The data =
--------------------------------------------------
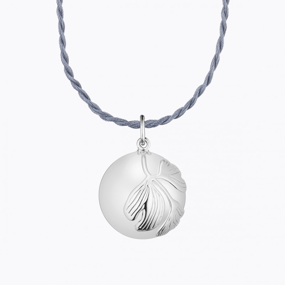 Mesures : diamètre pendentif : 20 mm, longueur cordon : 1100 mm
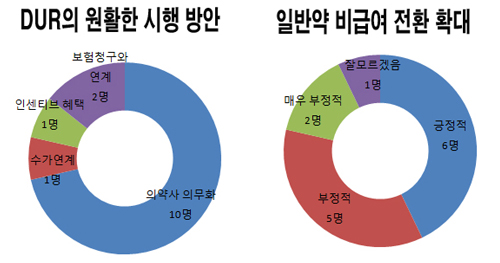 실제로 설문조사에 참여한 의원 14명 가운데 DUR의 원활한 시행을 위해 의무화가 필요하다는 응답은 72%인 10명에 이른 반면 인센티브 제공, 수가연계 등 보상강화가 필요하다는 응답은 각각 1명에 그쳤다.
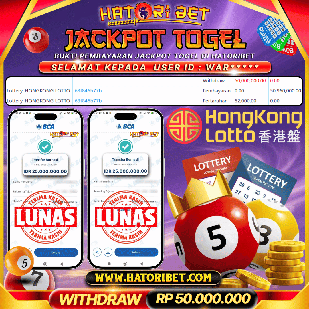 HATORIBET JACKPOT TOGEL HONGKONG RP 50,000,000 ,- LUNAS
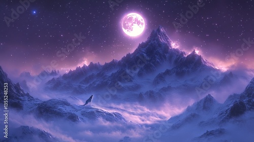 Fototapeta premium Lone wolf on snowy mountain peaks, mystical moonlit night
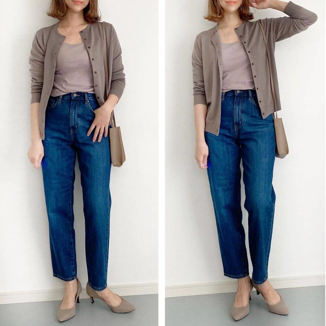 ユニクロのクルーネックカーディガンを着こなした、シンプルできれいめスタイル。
--------------------------------------------------
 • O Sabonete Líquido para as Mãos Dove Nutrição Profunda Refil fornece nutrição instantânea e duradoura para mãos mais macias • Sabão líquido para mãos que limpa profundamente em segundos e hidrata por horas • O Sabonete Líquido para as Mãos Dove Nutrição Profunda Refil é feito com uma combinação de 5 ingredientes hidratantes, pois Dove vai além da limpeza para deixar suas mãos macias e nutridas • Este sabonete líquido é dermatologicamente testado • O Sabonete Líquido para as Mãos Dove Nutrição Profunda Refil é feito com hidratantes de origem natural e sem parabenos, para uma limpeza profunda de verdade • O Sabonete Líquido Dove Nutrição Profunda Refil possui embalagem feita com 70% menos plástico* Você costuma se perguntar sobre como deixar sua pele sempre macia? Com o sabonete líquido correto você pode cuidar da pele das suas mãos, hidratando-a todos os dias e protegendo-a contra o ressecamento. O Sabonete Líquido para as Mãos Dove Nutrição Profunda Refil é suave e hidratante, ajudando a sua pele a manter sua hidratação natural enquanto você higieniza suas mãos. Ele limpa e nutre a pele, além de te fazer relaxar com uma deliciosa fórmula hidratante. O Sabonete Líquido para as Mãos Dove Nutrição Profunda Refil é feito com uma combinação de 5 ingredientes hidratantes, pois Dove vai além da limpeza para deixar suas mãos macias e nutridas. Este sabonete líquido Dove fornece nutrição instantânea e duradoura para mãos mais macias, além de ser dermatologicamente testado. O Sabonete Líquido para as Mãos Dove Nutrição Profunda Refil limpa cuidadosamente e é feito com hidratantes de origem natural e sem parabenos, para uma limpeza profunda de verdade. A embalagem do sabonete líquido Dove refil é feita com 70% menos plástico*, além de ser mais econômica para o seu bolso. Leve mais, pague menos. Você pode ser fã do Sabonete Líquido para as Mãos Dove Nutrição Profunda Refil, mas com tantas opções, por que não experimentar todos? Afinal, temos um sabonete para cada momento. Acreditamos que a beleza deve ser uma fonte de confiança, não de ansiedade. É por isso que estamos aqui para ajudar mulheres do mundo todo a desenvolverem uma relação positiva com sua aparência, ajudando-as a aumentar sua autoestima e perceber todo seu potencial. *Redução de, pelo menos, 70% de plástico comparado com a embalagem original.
--------------------------------------------------
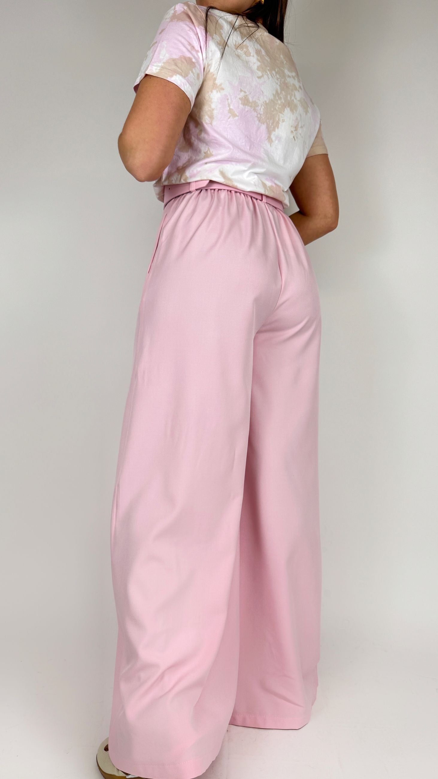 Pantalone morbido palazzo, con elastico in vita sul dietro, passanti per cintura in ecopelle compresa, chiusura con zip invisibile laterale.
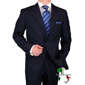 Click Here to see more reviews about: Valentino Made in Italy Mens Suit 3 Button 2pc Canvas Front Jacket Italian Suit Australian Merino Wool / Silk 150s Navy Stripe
--------------------------------------------------
Task description =
What are the lines in the records above, word for word, from the one containing "Fototapeta premium Lone" through the one containing "ユニクロのクルーネックカーディガンを着こなした、シンプルできれいめスタイル。", both ends included and pictures left out?

Response area =
 Fototapeta premium Lone wolf on snowy mountain peaks, mystical moonlit night
 ユニクロのクルーネックカーディガンを着こなした、シンプルできれいめスタイル。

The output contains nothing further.